ISLAMABAD: The World Bank has approved a package of $825 million to modernise the national power transmission system and improve health and education service delivery in Pakistan by strengthening financial management and procurement systems.

The $425m first phase of the national transmission modernisation project would enable new power generation to reach consumers by upgrading, expanding and rehabilitating selected 500kV and 220kV substations and transmission lines, the World Bank resident mission announced here on Wednesday.

The objective of the project is to increase the capacity and reliability of selected segments of the national transmission system and modernise key business processes of the National Transmission and Dispatch Company (NTDC).
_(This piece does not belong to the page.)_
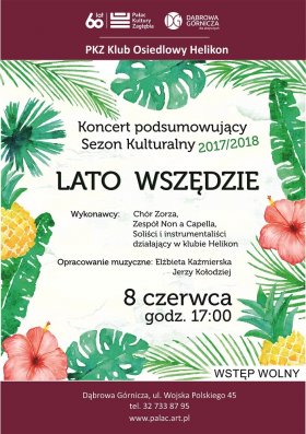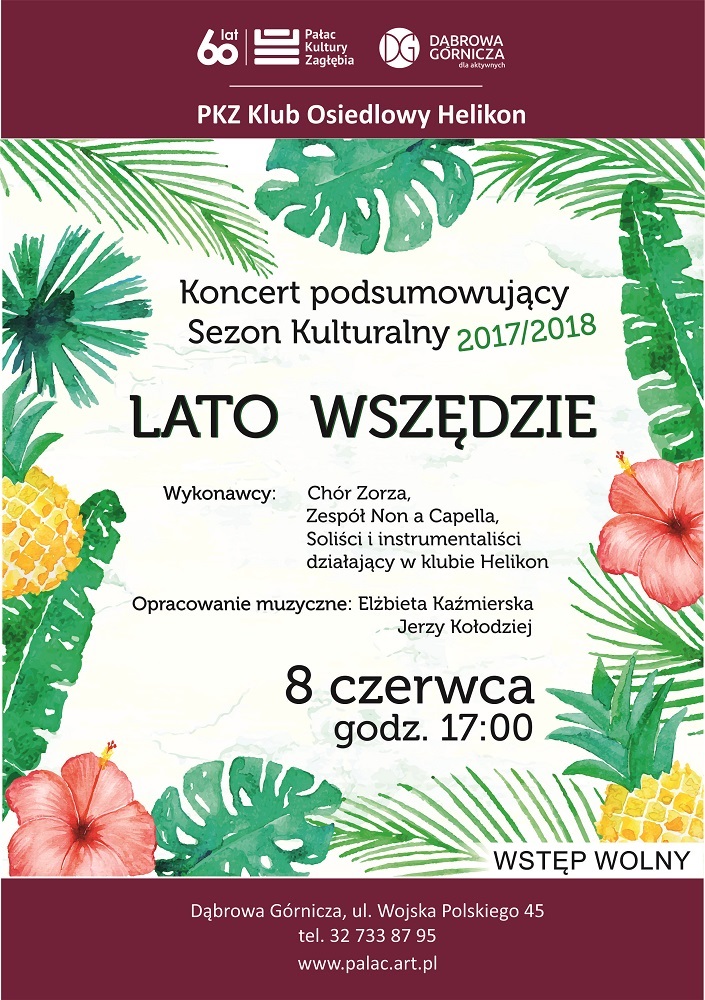 Klub Osiedlowy Helikon zaprasza wszystkich swoich fanów na koncert, który odbędzie się 8 czerwca o godz. 17:00. Będzie to wydarzenie muzyczne podsumowujące sezon artystyczny 2017/2018, dlatego wezmą w nim udział 3 pokolenia wykonawców, którzy zaprezentują różne style muzyczne, począwszy od operetki po muzykę pop czy folk. Całość będzie utrzymana w bardzo pogodnym, letnim klimacie, dlatego będzie można usłyszeć takie przeboje jak Jesteśmy na wczasach, Na plaży czy Dziewczyna ratownika. Koncert przygotowali: E. Kaźmierska i J. Kołodziej.

The main component of the project is to expand, augment and upgrade selected existing 500kV and 220kV substations and associated lines and construct new 765kV, 500kV, and 220kV substations and transmission lines.

“With a substantial volume of new generation now coming online, the strengthening of the transmission and distribution systems is critical,” says Illango Patchamuthu, World Bank Country Director for Pakistan. “The improved power supply will help meet the unserved demand from consumers and reduce the number and duration of power outages”.

The project will improve supply reliability and reduce losses in the transmission network. It will also modernise the information and communication technology infrastructure and strengthen financial and accounting systems of the NTDC using information technology. This will result in more efficient operation and business decision-making processes, higher productivity and upgraded staff skills.

The government has planned to increase power generation capacity by 30,000MW by 2022. There has been progress in securing $36 billion required for this expansion, including funds for power system investments planned under the China-Pakistan Economic Corridor.

New private investment and increased investments by the existing independent power produces will fund an estimated two-thirds of the investment requirements. The least-cost generation plan focuses on the development of hydropower projects in the north and efficient thermal plants in the centre and south of the country.

Public financial management inefficiencies contribute to Pakistan’s weak performance in health and education sectors, and despite a substantial increase, financial resources fail to reach clinics and schools on time.

The $400m public financial management (PFM) reform programme will address these challenges through the enactment of a robust public finance management law, which will lead to decentralisation of payment and empower front-line service delivery managers.

The programme will also focus on strong cash management, timely and comprehensive reporting, improvement in federal-provincial coordination, timely release of funds, streamlining payroll and pension systems, efficient and transparent procurement and user-friendly reports for citizen engagement.

The government programme, as indicated in the PFM reform strategy, consists of six pillars — revenue mobilisation, fiscal management, service delivery and results-based management, public investment management and public private partnership, oversight, transparency and accountability and vertical integration.

“The public financial management challenges undermine the delivery of health and education services to the population,” said Mr Illango. “The new programme will support the government to strengthen their public financial management and make it more transparent and accountable by introducing new aspects like social audit of public expenditures by beneficiaries.”

The transmission modernisation project is financed by the International Bank for Reconstruction and Development — a part of the World Bank group that lends to credit-worthy low and middle income countries. It is a fixed-spread loan with a maturity of 21 years, including a grace period of six years.

The PFM reform programme is financed by the International Development Association — the World Bank’s fund for the poor — with a maturity of 25 years.